Magnetic and magnetocaloric properties of La$_{0.6}$Ca$_{0.4}$MnO$_{3}$ tunable by particle size and dimensionality

TL;DR

This study investigates how particle size and dimensionality influence the magnetic and magnetocaloric properties of La$_{0.6}$Ca$_{0.4}$MnO$_{3}$ nanostructures, revealing optimized cooling performance at specific sizes.

Contribution

It introduces advanced nanostructures of LaCaMnO with controlled particle sizes and demonstrates how these sizes affect magnetic and magnetocaloric behaviors, filling a knowledge gap in nanostructured manganites.

Findings

Magnetic transition broadening increases with decreasing particle size.

Optimal relative cooling power (RCP) observed at 223 nm particle size.
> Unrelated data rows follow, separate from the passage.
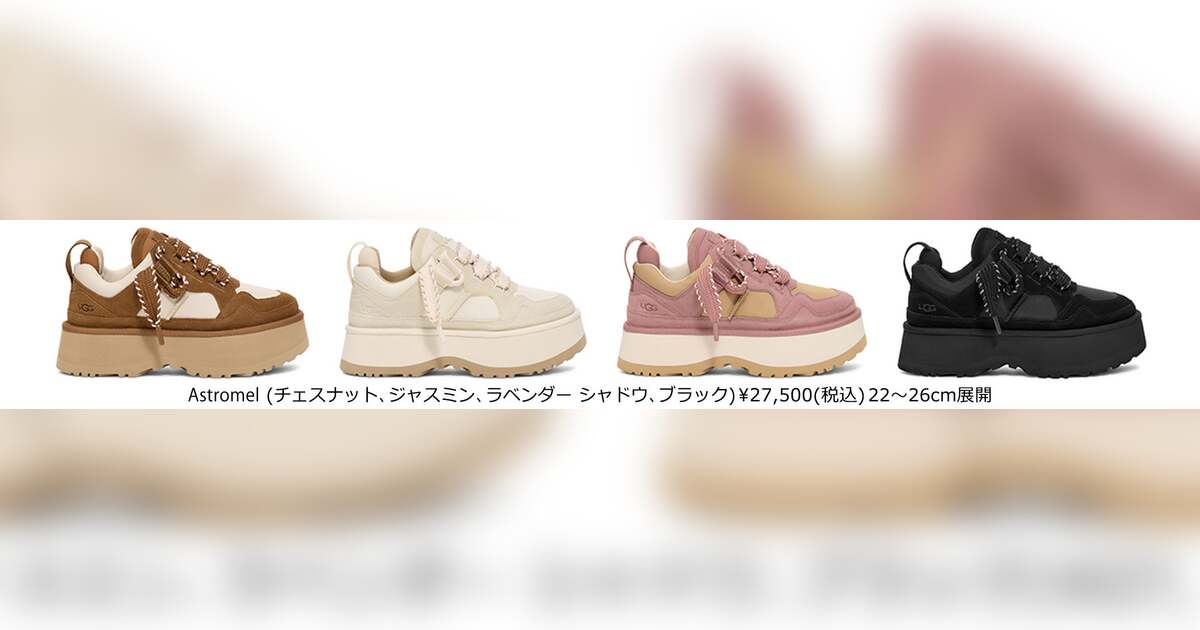 Tokyo (2025年7月15日) –南カリフォルニアを拠点とするグローバルライフスタイルブランドのUGG (a division of Deckers Brands [NYSE: DECK])は、人気のLowmelスニーカーをプラットフォームスタイルにアップデートした新作Astromel(アストロメル)のローンチを発表します。スエード、ナイロン、再生テキスタイルのアッパーを採用し、ツインシームのディテールや約5cmの厚底プラットフォーム、クッション性に優れたEVAのフットベッドがUGGのルック&フィールを表現し、クラシックスニーカーの要素をアレンジし進化させた全く新しいデザインでありながらも、UGGらしいスタイルに仕上げています。ファッションシーンにも映えるサテンレースと、しっかりしたフィット感で履けるフラットレースの2種のシューレース付きで、その日の気分やコーデにあわせて異なるスタイルを楽しめます。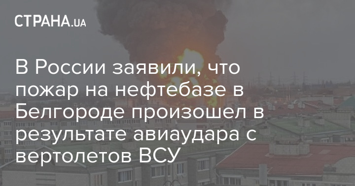 Губернатор российской Белгородской области Вячеслав Гладков заявил, что нефтебазу в Белгороде разбомбили два украинских вертолета, которые шли на низкой высоте.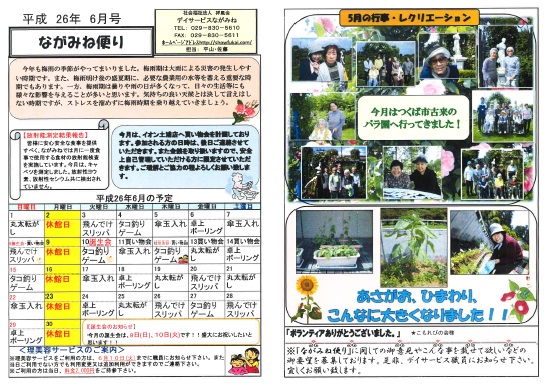 月間行事予定や前月の活動記録を掲載したお便りです。 毎月月末にお渡ししております。

Nanostructures exhibit tunable magnetic and magnetocaloric properties.

Abstract

Manganites have been attracted considerable attention due to some intriguing magnetic properties, such as magnetoresistance, spin glass behavior and superparamagnetism. In recent years, some studies point to the effect of particle size and dimensionality of these compounds in their magnetic features. Particularly, LaCaMnO material research is well explored concerning the bulk material. To overcome the lack of the information we successfully produced advanced nanostructures of La$_{0.6}$Ca$_{0.4}$MnO$_{3}$ manganites, namely nanotubes and nanoparticles by using a sol-gel modified method, to determine the size particle effect on the magnetism. The manganites crystal structure, magnetic and magnetocaloric properties were studied in a broad temperature range. Transmission electron microscopy revealed nanoparticles with sizes from 45 up to 223 nm, depending on the calcination temperature. It was found that the magnetic and magnetocaloric properties can be optimized by tuning the particle size; for instance, the magnetic transition broadening by decreasing the particle size. We report the relative cooling power (RCP) of these samples; it was found that the best RCP was observed for the 223 nm particle (508 J/Kg). Finally, this work contributes to the research on the magnetic properties and magnetocaloric potentials in nanostructured systems with distinct morphologies.